TextFromImage

A powerful Python library for obtaining detailed descriptions of images using various AI models including OpenAI's GPT models, Azure OpenAI, and Anthropic Claude. Perfect for applications requiring image understanding, accessibility features, and content analysis. Supports both local files and URLs, with batch processing capabilities.
🌟 Key Features
- 🤖 Multiple AI Providers: Support for OpenAI, Azure OpenAI, and Anthropic Claude
- 🌐 Flexible Input: Support for both URLs and local file paths
- 📦 Batch Processing: Process multiple images (up to 20) concurrently
- 🔄 Flexible Integration: Easy-to-use API with multiple initialization options
- 🎯 Custom Prompting: Configurable prompts for targeted descriptions
- 🔑 Secure Authentication: Multiple authentication methods including environment variables
- 🛠️ Model Selection: Support for different model versions and configurations
- 📝 Type Hints: Full typing support for better development experience
📦 Installation
pip install textfromimage
pip install textfromimage[azure]
pip install textfromimage[all]
🚀 Quick Start
import textfromimage
textfromimage.openai.init(api_key="your-openai-api-key")

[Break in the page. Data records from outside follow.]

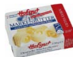
Hofgut butter 82% fat 250 g item: 15254-8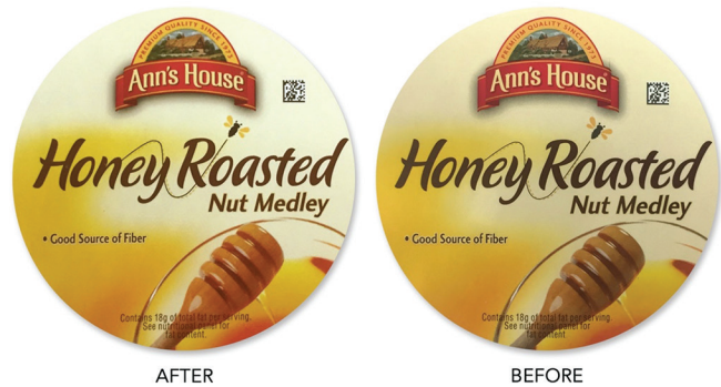
Ann's House Honey Roasted Nut Medley Labels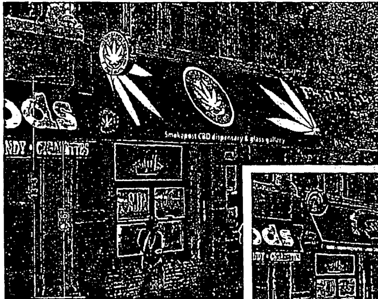
Proposed (image for reference purposes only) Rendering not scaled

Site survey needed to get exact measurements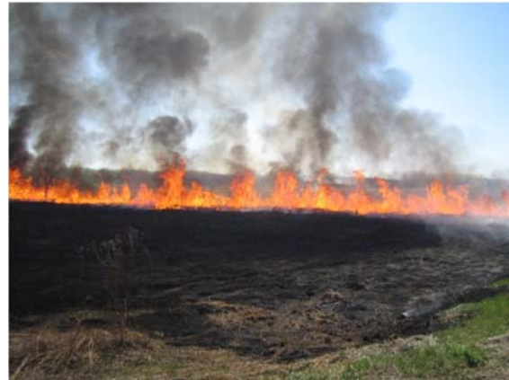
Prescribed fire in spring

Problem 2: Historically, wildfires occurred in all seasons: spring, summer and fall. Prescribed burns occur in spring. Cooler spring fires due to moist condition may hinder effective achievement of management goals.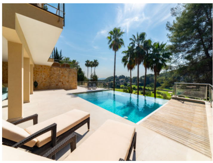
Family-friendly villa in Son Vida with pool and excellent views across the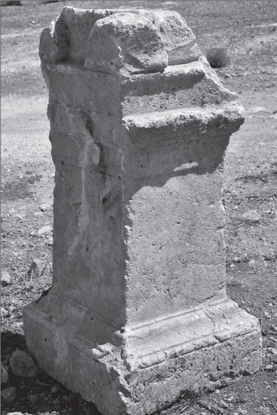
2. Inscribed altar from al-Qunayyah: back side.

tre 2007: 224-225). The shape of the letters (especially the epsilon and theta with a dot instead of the middle bar, and the small theta above the line) goes well with a dating in the first or second century AD.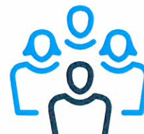
Loyalty Solutions & Merchant Cash Advance

Tailored Solutions to grow and manage your business one transaction at a time.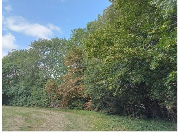
Trees along northern boundary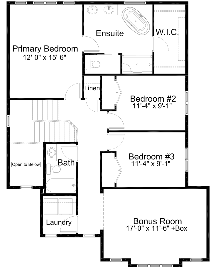
UPPER FLOOR 1,199 sq. ft.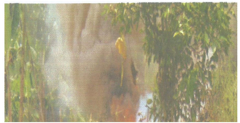
Figure 2: Partial View of Slash and Burn in Bonakanda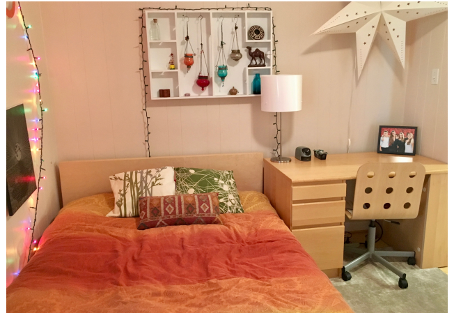
Private 2 Bedroom Apartment (Sleeps 1-4) https://www.airbnb.com/rooms/24499519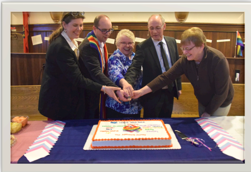
Central United Church, Moncton NB: congregation members and Maritime Conference reps celebrate.

It is a pleasure for us to have the opportunity to work with so many enthusiastic, committed people in the Affirming Ministry Program. We are grateful and our hearts are warmed when we hear the many stories of amazing Affirming journeys.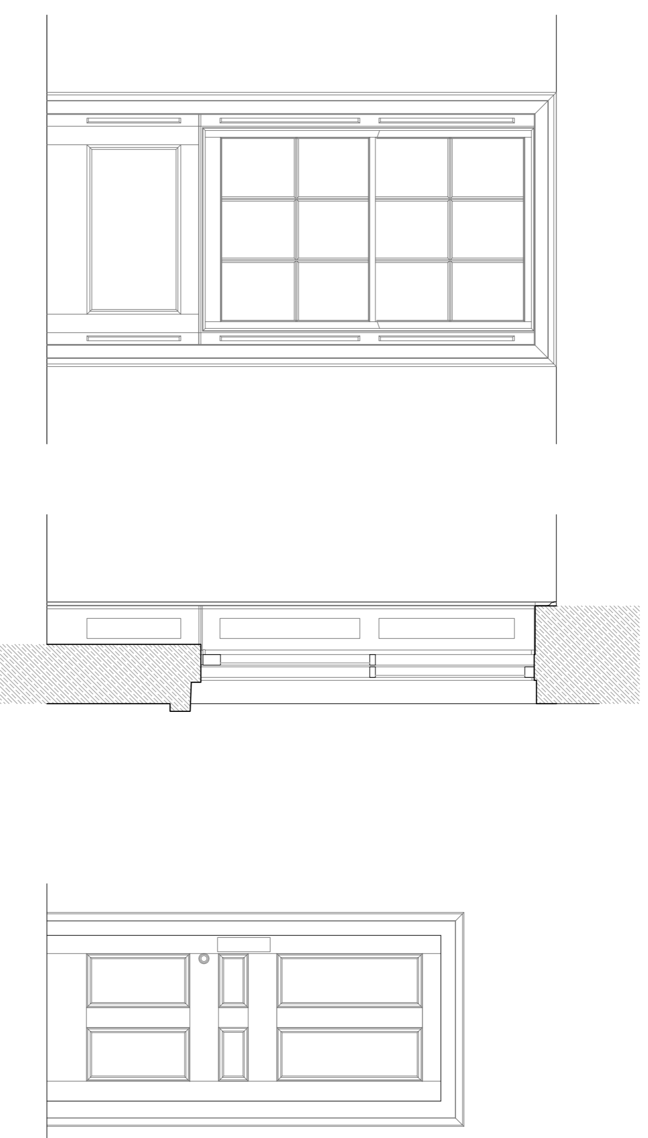
EXISTING JOINERY DETAILS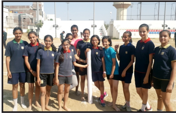
U-14 Girls KHO-KHO team bagged 3rd position in VNM KHEL UTSAV 2019.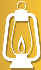
"Stack 'em Up Era"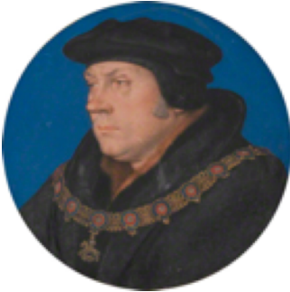
Thomas Cromwell as Chief Minister of Henry VIII.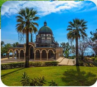
Mt. of Beatitudes Galilee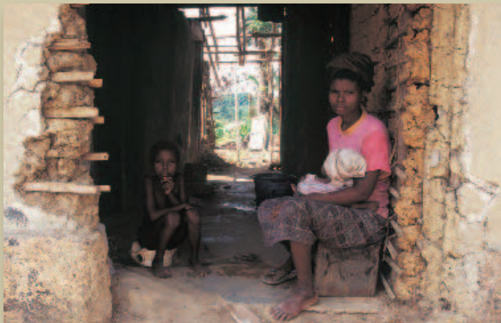
Liberia: Returning home to an uncertain future.

Nevertheless, the fragility of the situation in central Africa is highlighted when thugs armed with automatic weapons, machetes and grenades slaughter 156 Congolese, mostly women and children, at Gatumba camp in Burundi. It is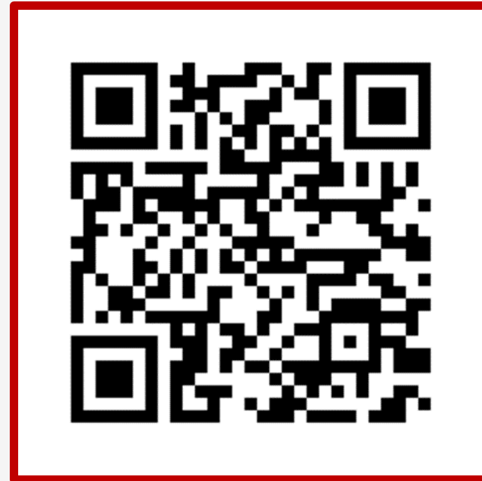
POSDemo Team's Calendly Links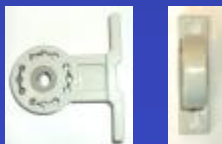
CAST ALUMINIUM POWDER COATED MOUNTING BRACKETS WITH OFFSET SCREW HOLES

image_url = 'https://example.com/image.jpg'
local_image = '/path/to/local/image.jpg'
url_description = textfromimage.openai.get_description(image_path=image_url)
local_description = textfromimage.openai.get_description(image_path=local_image)
image_paths = [
'https://example.com/image1.jpg',
'/path/to/local/image2.jpg',
'https://example.com/image3.jpg'
]
batch_results = textfromimage.openai.get_description_batch(
image_paths=image_paths,
concurrent_limit=3
)
for result in batch_results:
if result.success:
print(f"Success for {result.image_path}: {result.description}")
else:
print(f"Failed for {result.image_path}: {result.error}")
💡 Advanced Usage
🤖 Multiple Provider Support
textfromimage.claude.init(api_key="your-anthropic-api-key")

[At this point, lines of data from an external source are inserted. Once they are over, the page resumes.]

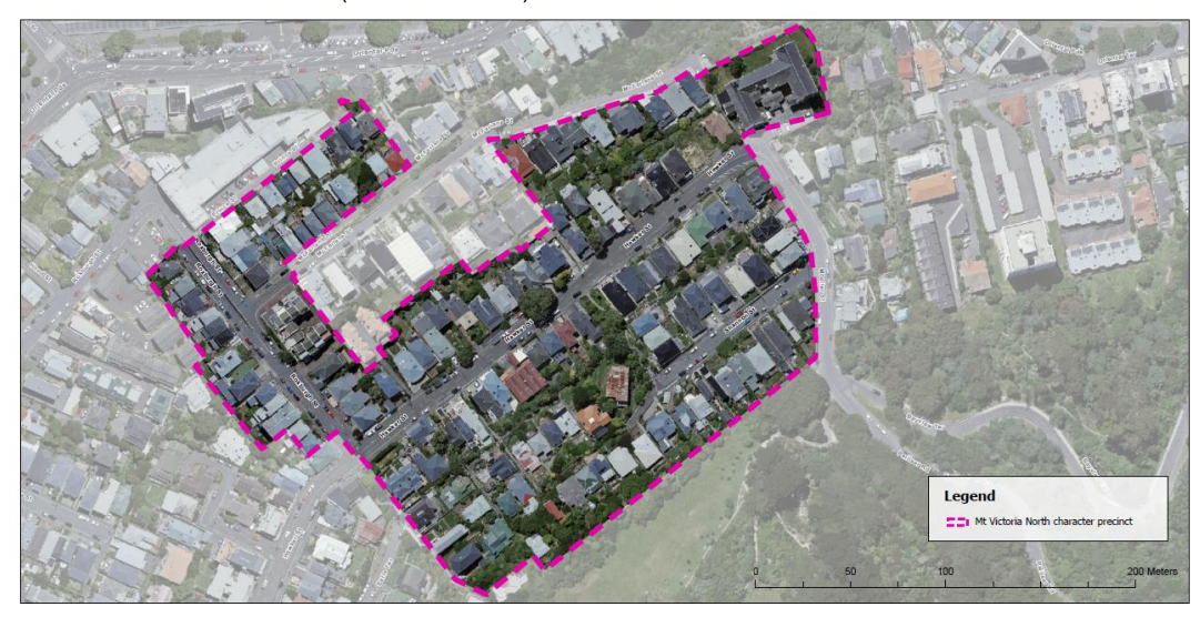
Fig 10: Wellington Draft District Plan: Mt Victoria North Character Precinct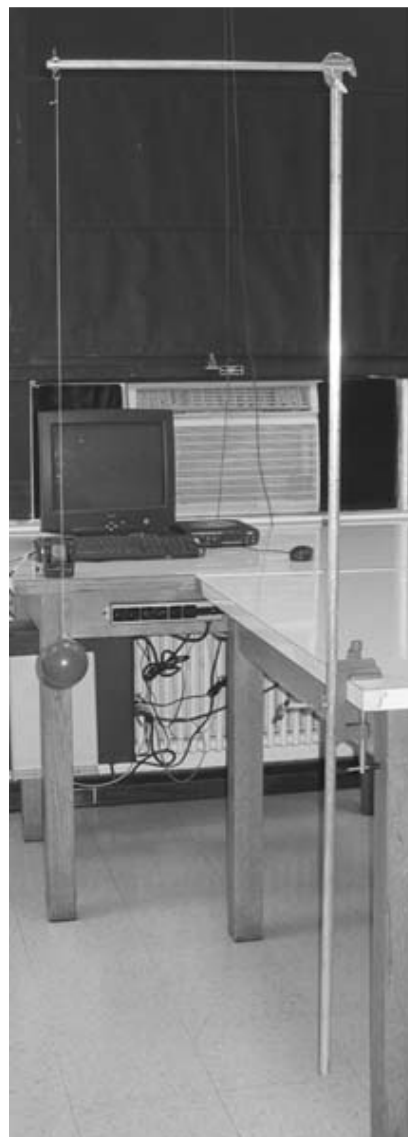
Figure 2. Pendulum setup for conservation of energy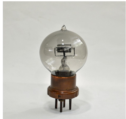
TV8 by Tokyo Radio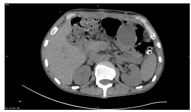
Fig. 3. 5 cm round lesion, bordering the abdominal wall and maintaining a rather inhomogeneous appearance, with moderate delimited margins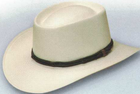
47 STYLE: 1047 Easy Livin-25° MATERIAL: Shantung 2x2 COLOR: Ivory BAND: 274 BRIM: 3 1/8" SIZES: 6 5/8 - 7 5/8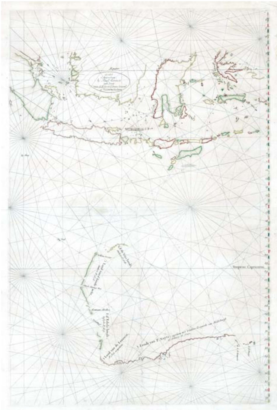
First map showing Houtman's Abrolhos drawn in 1632, by Hessel Gerritsz for the United Dutch East India Company.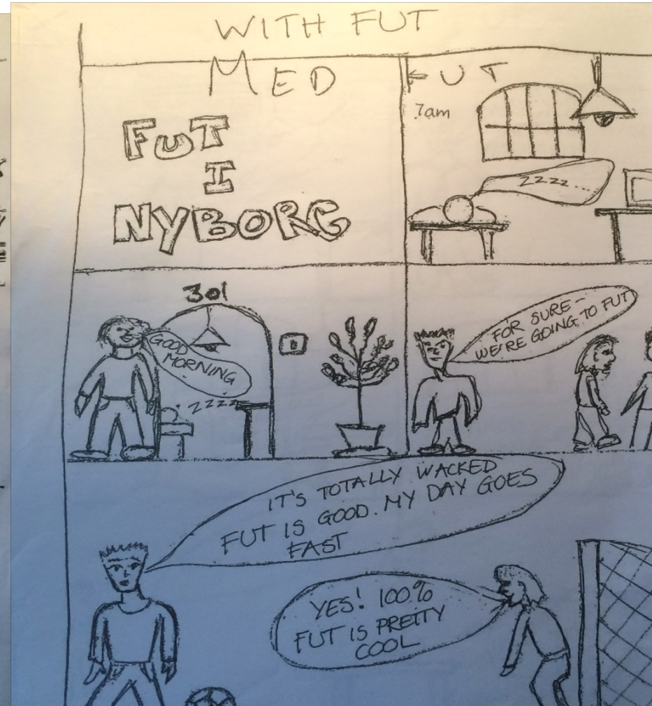
Cartoon drawn by an inmate at Nyborg State Prison during the project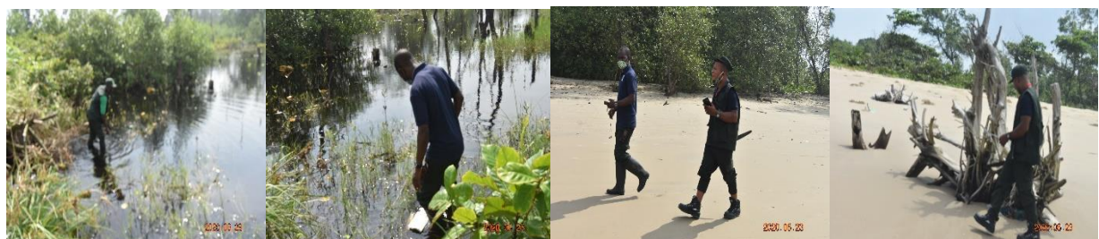
Fig. 13, 14, 15 & 16 Show pictures of the Officers during the anti-poaching patrol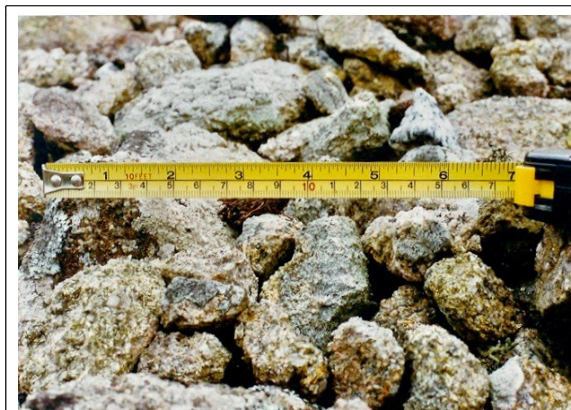
Inch-rule laid on top of this stone hedge in West Cornwall shows how small are the fragments of moor-stone, cleared from the fields, that were used to fill it.

The hedges, therefore, even more than the houses, tell what stone lies beneath them. Seldom would anyone go to the trouble and expense of carting heavy stone any distance to build hedges.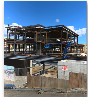
IMAGE TAKEN ON FRIDAY, SEPTEMBER 3, 2021 FROM THE PUBLIC VIEW AREA OUTSIDE TOWN HALL

For more information and to sign up for weekly construction updates, visit the Public Safety Building Project page .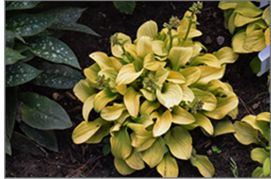
Sun Mouse Hosta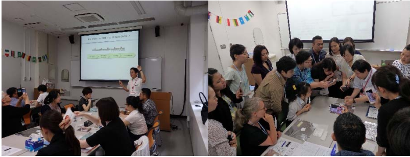
Hands-on Seminar on Skin Blotting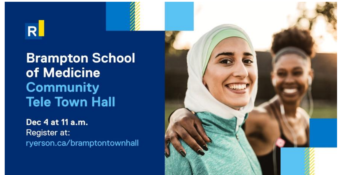
Establishing a Brampton School of Medicine

claude_description = textfromimage.claude.get_description(
image_path=image_path,
model="claude-3-sonnet-20240229"
)
claude_results = textfromimage.claude.get_description_batch(
image_paths=image_paths,
model="claude-3-sonnet-20240229",
concurrent_limit=3
)
textfromimage.azure_openai.init(
api_key="your-azure-openai-api-key",
api_base="https://your-azure-endpoint.openai.azure.com/",
deployment_name="your-deployment-name"
)
azure_description = textfromimage.azure_openai.get_description(
image_path=image_path,
system_prompt="Analyze this image in detail"
)
azure_results = textfromimage.azure_openai.get_description_batch(
image_paths=image_paths,
system_prompt="Analyze each image in detail",
concurrent_limit=3
)
🔧 Configuration Options
import os
os.environ['OPENAI_API_KEY'] = 'your-openai-api-key'
os.environ['ANTHROPIC_API_KEY'] = 'your-anthropic-api-key'
os.environ['AZURE_OPENAI_API_KEY'] = 'your-azure-openai-api-key'
os.environ['AZURE_OPENAI_ENDPOINT'] = 'your-azure-endpoint'
os.environ['AZURE_OPENAI_DEPLOYMENT'] = 'your-deployment-name'
batch_results = textfromimage.openai.get_description_batch(
image_paths=image_paths,
model='gpt-4-vision-preview',
prompt="Describe the main elements of each image",
max_tokens=300,
concurrent_limit=5
)
📋 Parameters and Types
def get_description(
image_path: str,
prompt: str = "What's in this image?",
max_tokens: int = 300,
model: str = "gpt-4-vision-preview"
) -> str: ...
@dataclass
class BatchResult:
success: bool
description: Optional[str]
error: Optional[str]
image_path: str
def get_description_batch(
image_paths: List[str],
prompt: str = "What's in this image?",
max_tokens: int = 300,
model: str = "gpt-4-vision-preview",
concurrent_limit: int = 3
) -> List[BatchResult]: ...
🔍 Error Handling
from textfromimage.utils import BatchResult
try:
description = textfromimage.openai.get_description(image_path=image_path)
except ValueError as e:
print(f"Image processing error: {e}")
except RuntimeError as e:
print(f"API error: {e}")
results = textfromimage.openai.get_description_batch(image_paths)
successful = [r for r in results if r.success]
failed = [r for r in results if not r.success]
for result in failed:
print(f"Failed to process {result.image_path}: {result.error}")
🤝 Contributing
We welcome contributions! Here's how you can help:
- Fork the repository
- Create your feature branch (
git checkout -b feature/AmazingFeature
)
- Commit your changes (
git commit -m 'Add some AmazingFeature'
)
- Push to the branch (
git push origin feature/AmazingFeature
)
- Open a Pull Request
📝 License
This project is licensed under the MIT License - see the LICENSE file for details.